Project Row Houses is portrayed in photographs by Keith Ewing. A large-scale photograph from the book The Heidelberg Project. Connecting the Dots: Tyree Guyton’s Heidelberg Project (Detroit: Wayne State University Press, 2007) features a photograph of aging assembled vacuum cleaners on a lawn. Another photograph, “Crown Royal Bag” and “Ultrasheen,” 2020, come from Amanda Williams, Color(ed) Theory Suite photographed by Will Carson for aw|studio. But it, too, came from the groundbreaking book Black Futures, edited by Kimberly Drew and Jenna Wortham (New York: One World, 2020).

Alongside them are vintage photographs and ephemera of the historic home the Black Panther Party transformed into a community center, excerpts from licensed architect and writer June Jordan’s writings about Harlem, portrayed in a graphic map created by Davis. Jordan’s words are realized with three-dimensional models designed with students include speculative projects, such as the brownstone depicted by June Jordan in her novella His Own Where.

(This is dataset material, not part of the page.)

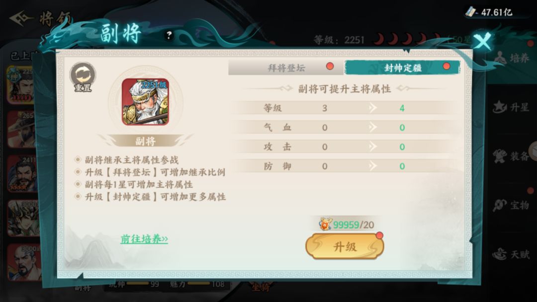 2、副将每1星可增加主将属性,可使用封帅令、将军印升级【封帅定疆】可增加更多属性。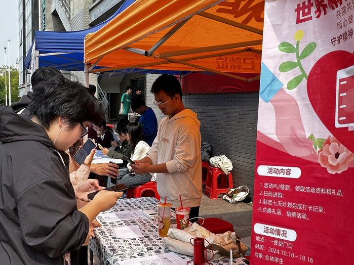 10月10日中午,校心理协会在一食堂门口开展心理健康知识科普宣传活动。根据世界卫生组织(WHO)的定义,精神卫生是一种关乎心理健康的“状态”。它赋予人们应对生活挑战的能力,促使个人潜能的实现,确保人们能够高效地学习、工作,并对社会有所贡献。

There are photographs, too, of what could be, including the Bottelli, Ohland & Martins’ design for the unrealized Kawaida Towers in Newark, commissioned by Black nationalist Amiri Baraka in the 1970s. (Baraka’s son is Newark’s mayor working on creating a similar project.)

The photographs may be familiar, or out of place in a gallery, but Davis’s curation adds context to the projects. He’s showing the varieties of ways a space can be activated.

“I’m trying to focus on the roots of architectural invention that can be traced back to space and space making, and the ways that Black activists and artists decide when architecture becomes a good meter for communicating what their cultural projects are, and what aspects of architecture fall to the side that are no longer useful,” he said.

His goal is to create a digital archive of these peripheral Black spaces. Current resources focus on licensed architects and those in allied fields. A cultural understanding and rigid focus on professionalism is a bias deserving scrutiny.
The archives ideally could serve as a resource for architects and the public to learn about these alternative practices.

“What’s interesting about these folks is that they offer an alternative model of practice. Whereas the traditional architect waits for a client to come to them. Then they fly in, become an expert, make the project, and then they disappear,” he said. “These artists live in these spaces, and they continue to produce work in those spaces. The architecture becomes a living monument of the evolving state of the neighborhood and involves multiple cycles of community engagement and activism. I think that that’s a model of practice.”